Repository files navigation

Cogito

Swift macOS License

Cogito, ergo sum. I think, therefore I am.

macOS PDF reader for active reading. Open a PDF, take edge notes beside each page, look up any word, and generate a NotebookLM video overview for any chapter. Chapter structure is detected automatically on-device with a local LLM when the PDF has no embedded outline. Reading progress is restored when you reopen a book.

Features

PDF reading with automatic margin cropping, single and two-page layouts, zoom, bookmarks, and full-text search. Reading progress is saved per book and restored on reopen.

Edge notes in two-page mode: narrow panels beside each page for free-form notes.

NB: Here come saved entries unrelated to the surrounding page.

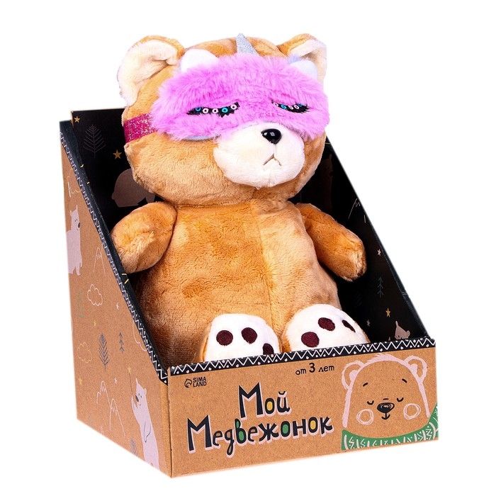 Мягкая игрушка «Мишка», 23 × 15 см, в маске для сна
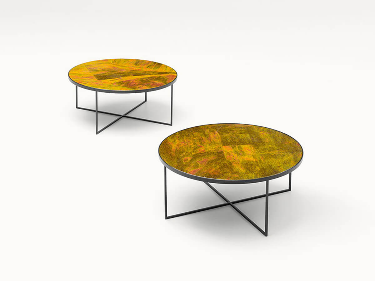 Un articolo d’arredo dal design fresco e atipico, ideale per chi desideri creare un elemento di gusto all’interno di spazi living all’aperto. Ideale su terrazze e solarium, Sciara riesce a dare il meglio di sé anche in giardini e spazi pubblici all’aria aperta. Disponibile in diverse dimensioni, la collezione comprende anche consolle e tavoli da pranzo. La struttura è in acciaio inox verniciato opaco in diversi colori. La superficie di appoggio è in alveolare di alluminio verniciato. Il piano può essere intero o composto da più elementi in lava con decoro in vetro di grande bellezza. Caratteristiche tecniche: piano in lava con decoro in vetro
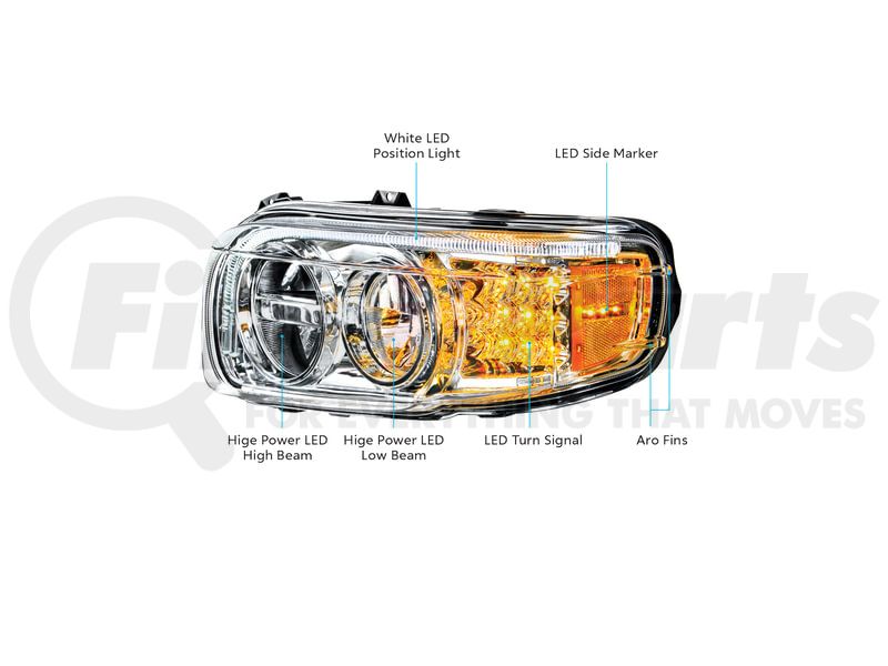 LED Chrome Headlight with Turn/Position Light Bar for 2008-2023 Peterbilt 389 - Passenger Side
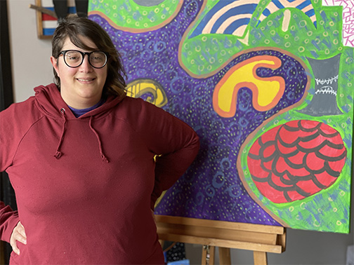 “If people want to construe a deeper meaning from my work, then they could certainly see different shapes as being representative of something that speaks to them,” she allows. “Any way anyone wants to interpret my paintings is both completely wrong and completely correct at the same time.”
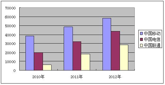 圖表5三大電信運營商中高端自主服務終端設備2010-2012年保有量預測
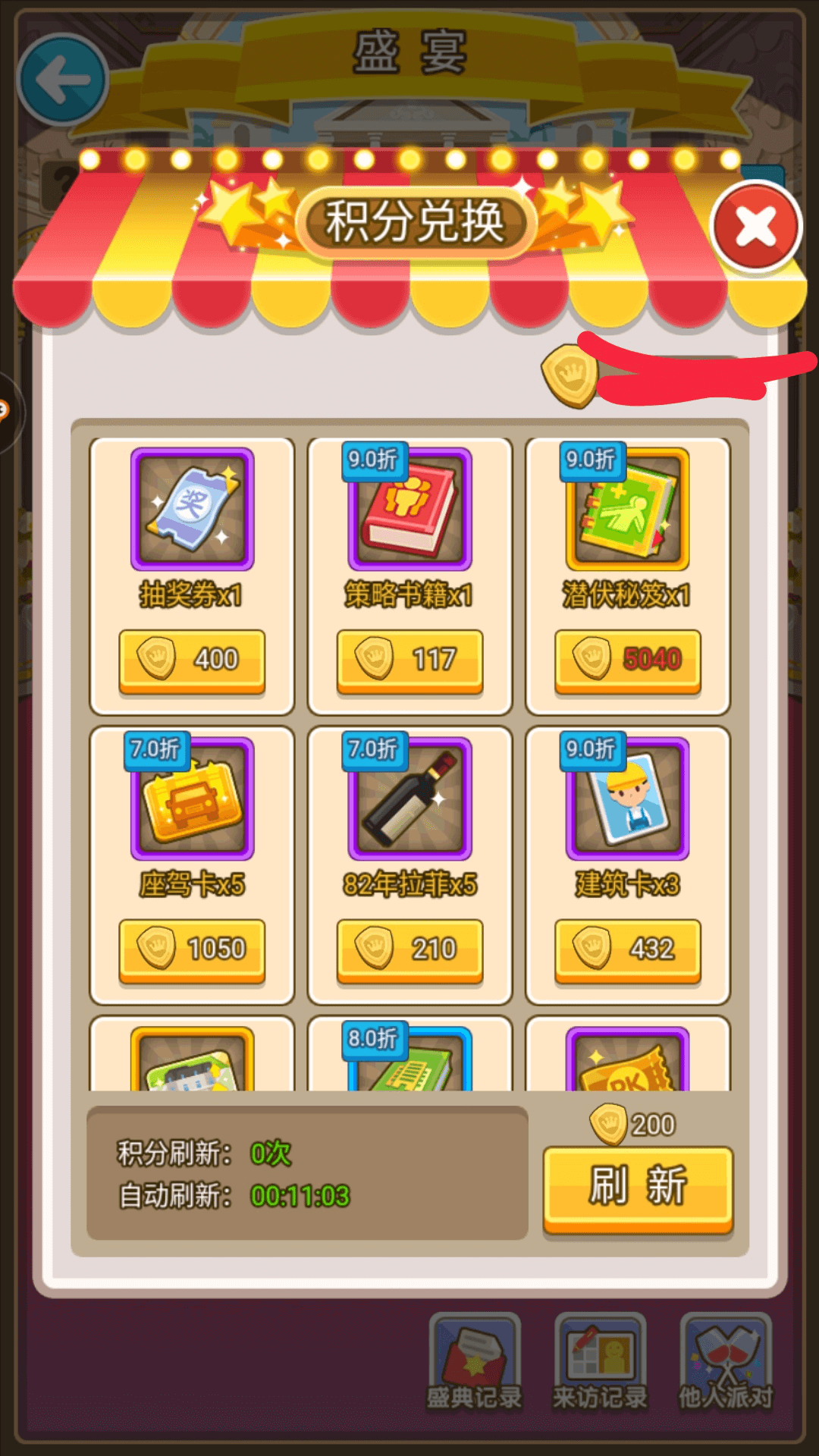 而且星际币能兑换很多东西。比如建筑卡等等,这又是建筑卡的一大来源。下面我们该聊聊宴会派对了。前面我也说了家族战获得的金币就多兑换礼包这个是没有错的。因为当有人开豪华派对的时候,就可以送上了,一个礼包有1500多积分。而假如没有礼包的话在豪华派对上送上随礼也会比小型派对得到的多。所以到了宴会冲榜的时候我们应该要往豪华派对多走走。得来的积分也挺好的,可以换建设卡,这个是除了充钱以及抽奖获得建设卡的唯一途径(这是我发现的,不知道还有其他途径不。)当我们遇上打折的时候就换建设卡吧要不挺亏的,建筑卡和座驾卡打折也可以多换。其实打都可以换。那些个秘笈呢就看自己心情,最重要的还是卡嘛。
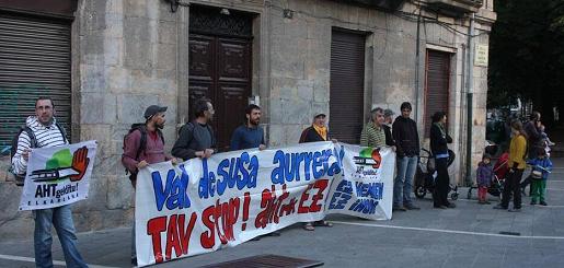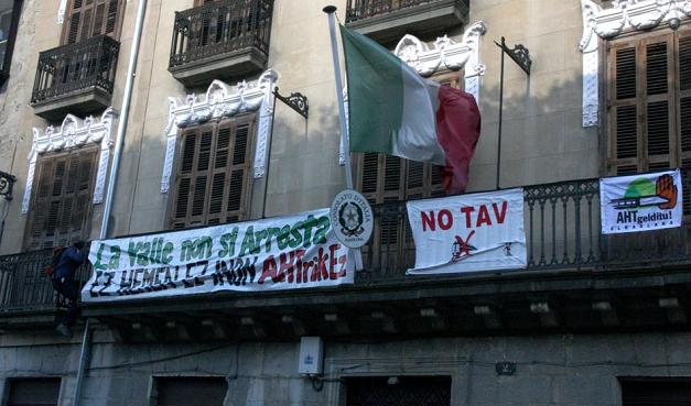 Antes de la concentración el balcón del Consulado italiano fue decorado con pancartas y banderolas de oposición al TAV, que fueron retiradas horas más tarde por la Policía Nacional en presencia del Cónsul.
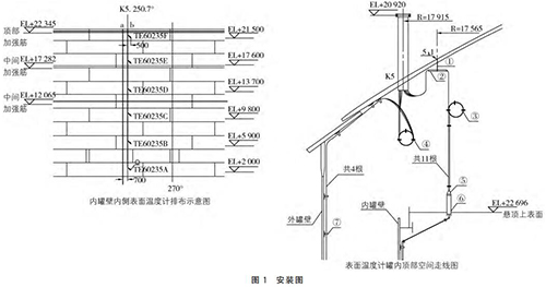 以昆侖能源華油天然氣四川廣安液化天然氣2萬方儲罐為例,在安裝多點溫度計過程中,內罐底部溫度熱電阻需要從內罐浮頂進入罐內,沿罐壁垂直向下固定在罐底部。如需夾層底部溫度測量,則需要將溫度熱電阻沿外罐壁垂直而下,固定在罐底夾層的氮氣管上,每間隔4m布置1個電纜固線器,如圖1所示。
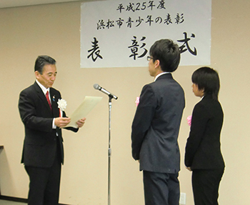 浜松市青少年問題協議会(会長:鈴木康友市長)では、地域の文化活動や奉仕活動などに積極的に取り組んでいる青少年や団体を奨励しています。
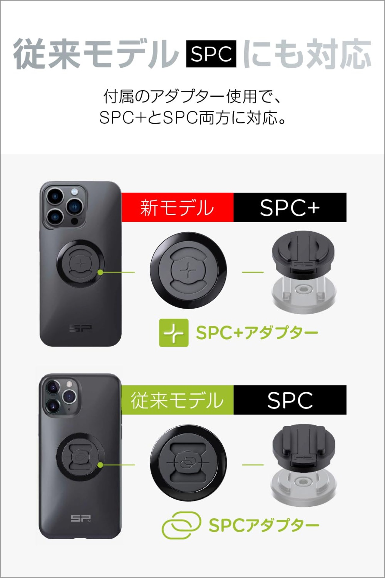 ※ 付属のSPC+変換アダプターは樹脂製のため耐震強度が不十分です。オートバイでお使いの際は、マウント側をアルミ製マウントヘッドのSP HEAD SPC+(品番:35219/35221)に交換することをおすすめします。
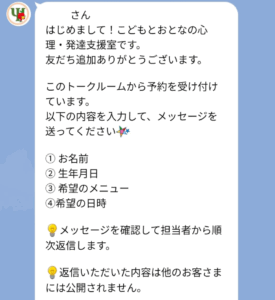 「発達カウンセリング」「心理・発達検査」は初回面談(無料/電話/20分)が必要になります。まずは、公式LINEからご予約ください。その後の流れにつきましては、初回面談の際にお伝えさせていただきます。
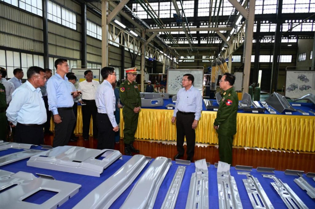 ထိုနောက် တပ်မတော်ကာကွယ်ရေးဦးစီးချုပ်သည် ညနေပိုင်းတွင် တပ်မတော် အကြီးစားစက်ရုံ(ထုံးဘို)သို့ ရောက်ရှိကြရာ စက်ရုံအစည်းအဝေးခန်းမတွင် စက်ရုံမှူးက စက်ရုံသမိုင်းအကျဉ်း၊ ဝန်ထမ်းများခန့်အပ်ထားရှိမှု၊ ရည်မှန်းချက်တာဝန်များ၊ ထုတ်လုပ် နိုင်မှုစွမ်းရည်များနှင့် တစ်နှစ်ထုတ်လုပ်နိုင်မှုအခြေအနေများ၊ လမ်းညွှန်မှာကြားချက်များအား လိုက်နာဆောင်ရွက်လျက်ရှိမှုအခြေအနေများ၊ မော်တော်ယာဉ်များအား ထုတ်လုပ်လျက်ရှိမှု၊ သုတေသနပြုဆောင်ရွက်လျက်ရှိမှုနှင့် စမ်းသပ်မောင်းနှင်ခြင်းများ ဆောင်ရွက်ပြီးစီးပါက တပ်မတော်နှင့် ဌာနဆိုင်ရာများသို့ ထုတ်ပေးလျက်ရှိမှုတိုနှင့် ဆက်လက် ဆောင်ရွက်သွားမည့်အခြေအနေများကို ရှင်းလင်းတင်ပြသည်။
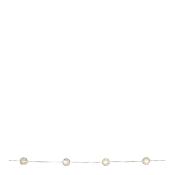 Berry lyslenke fra Star Trading er en dekorativ og fleksibel batteridrevet lysslynge som passer perfekt til å skape stemning i uterommet. Med 50 varmhvite LED-lys og transparente kuledekorasjoner gir den et mykt og innbydende uttrykk, enten det er til hverdag eller fest. Lenken er 5 meter lang og leveres med en batteriboks som er godkjent for utendørs bruk. Du kan velge mellom hele 8 ulike blinkesekvenser, i tillegg til praktisk timerfunksjon som slår lyset automatisk av og på. Dette gir deg full kontroll og fleksibilitet – uten behov for strømuttak eller faste installasjoner. Perfekt til å dekorere hagebusker, rekkverk, terrasser eller inngangspartier. Berry gir uteplassen et levende og stemningsfullt løft – hele året.
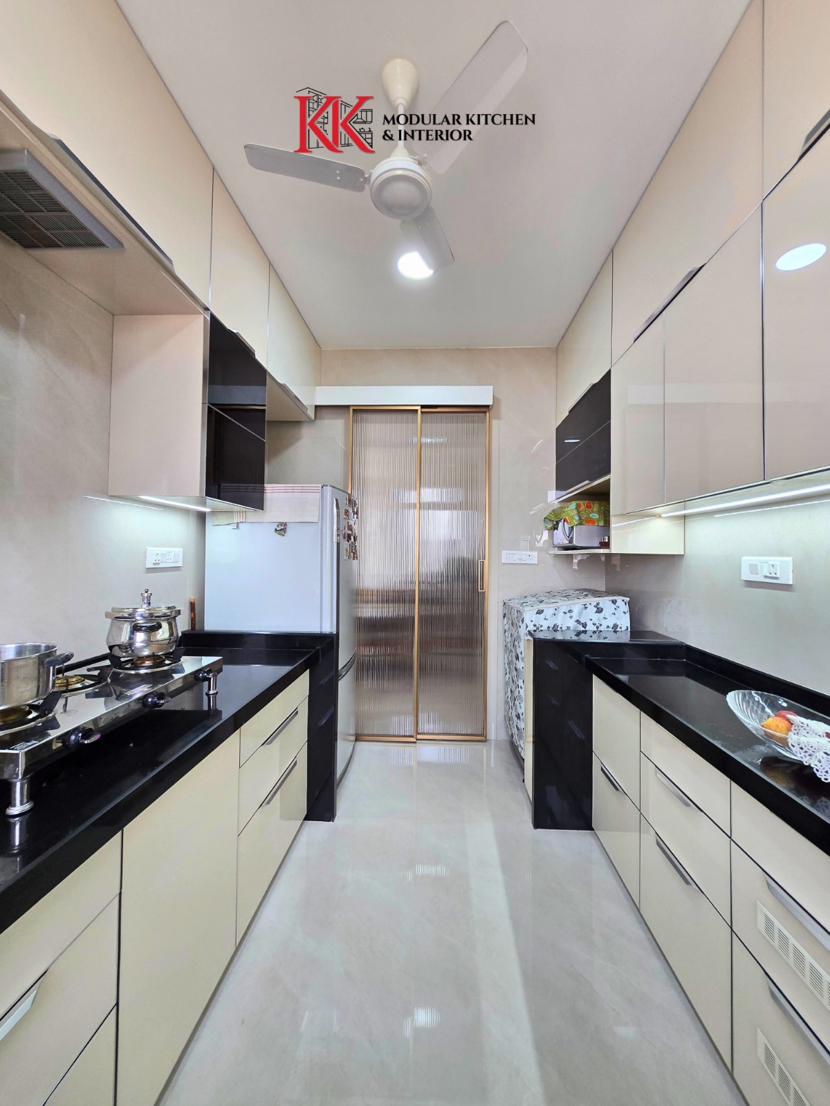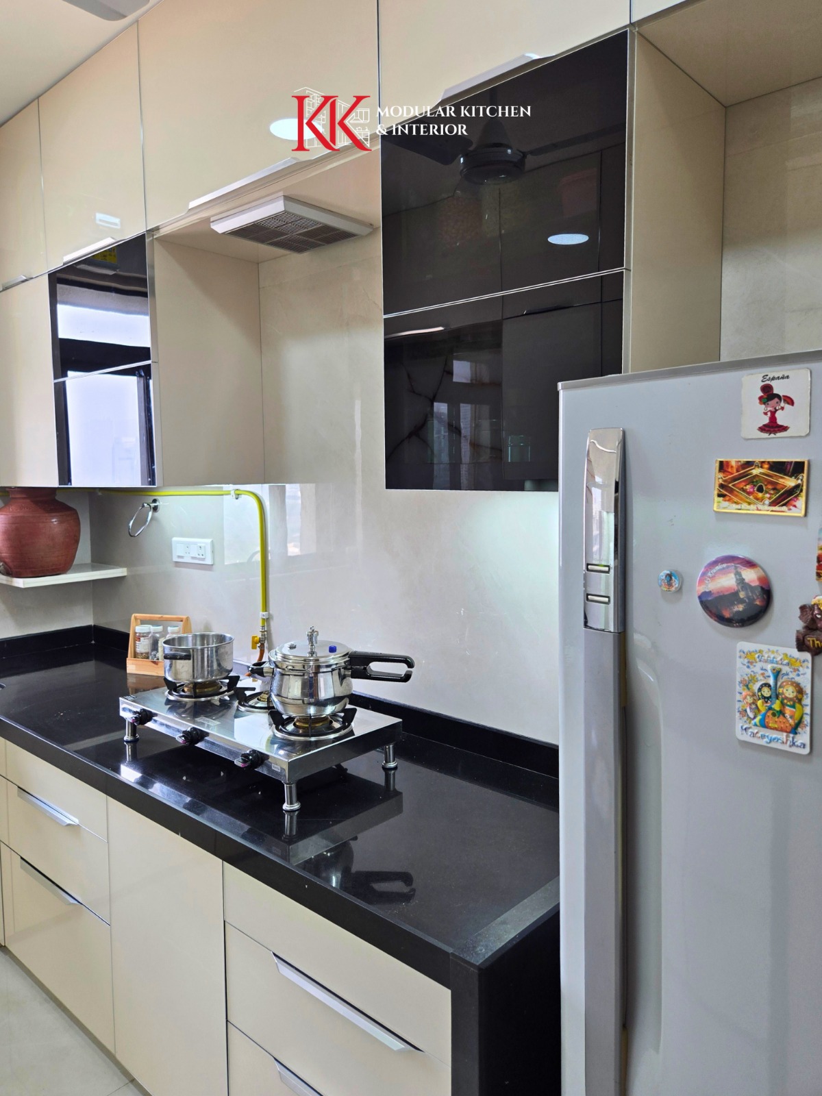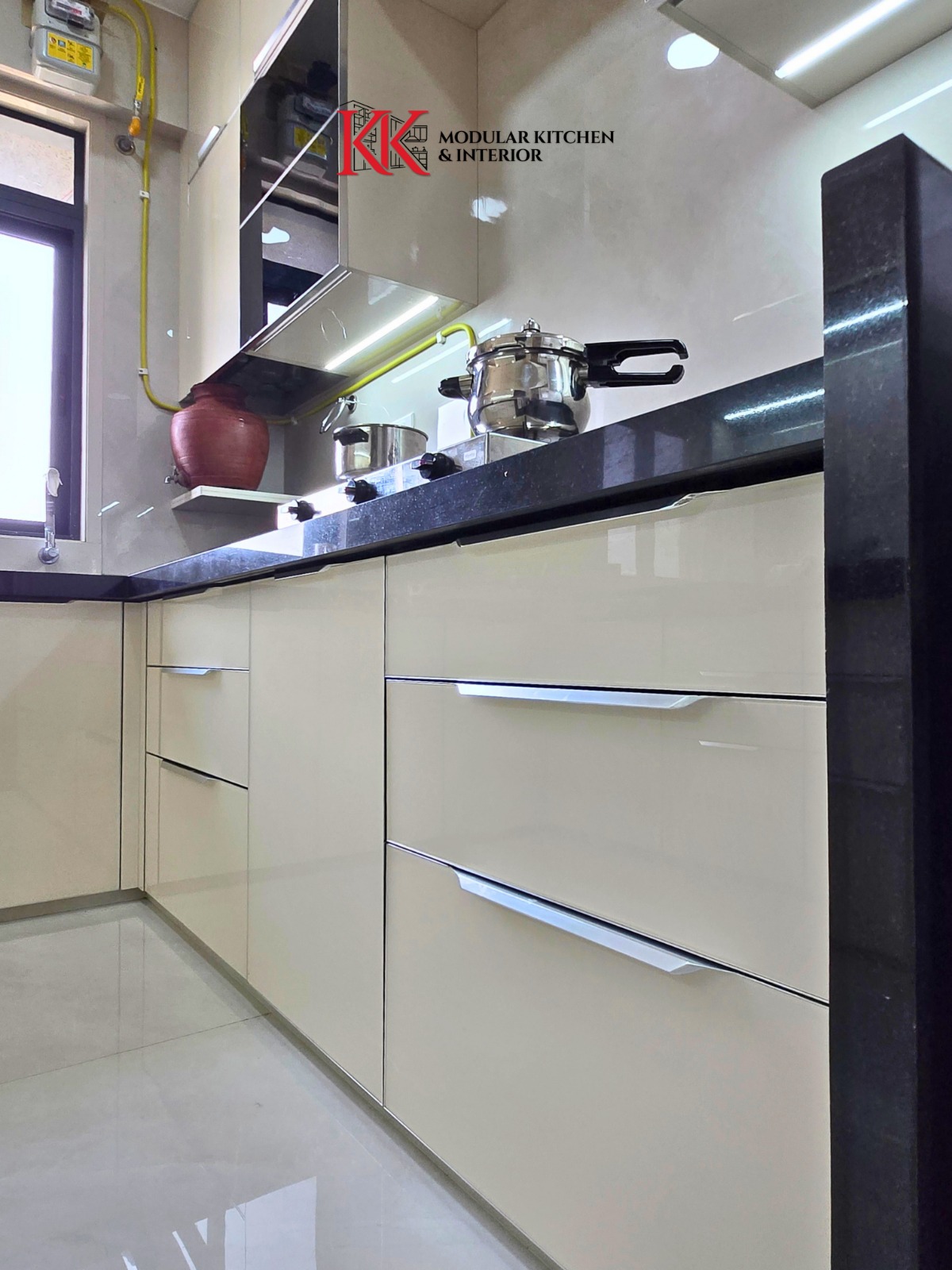 Parallel Modular Kitchen with Back Painted Glass @JP Decks, Goregaon, Mumbai | KK Modular Kitchen

Word translation: select any word and get a Wikipedia-powered card in one of eight languages.

Chapter video overviews: click the video icon on any chapter's first page in two-page mode, or on the chapter row in the outline sidebar. Cogito extracts that chapter, uploads it to Google NotebookLM with an animation brief, and streams generation progress. The finished MP4 plays in a full-window overlay with captions. Chapters with existing videos show a green checkmark in the outline.

Ask Question (Cmd+J): type a question, and RAG retrieval finds the most relevant page instantly via BM25 keyword matching. The app navigates there, highlights the key term, and streams an ELI12-style answer from the on-device LLM with a closing metaphor in the reader's target language.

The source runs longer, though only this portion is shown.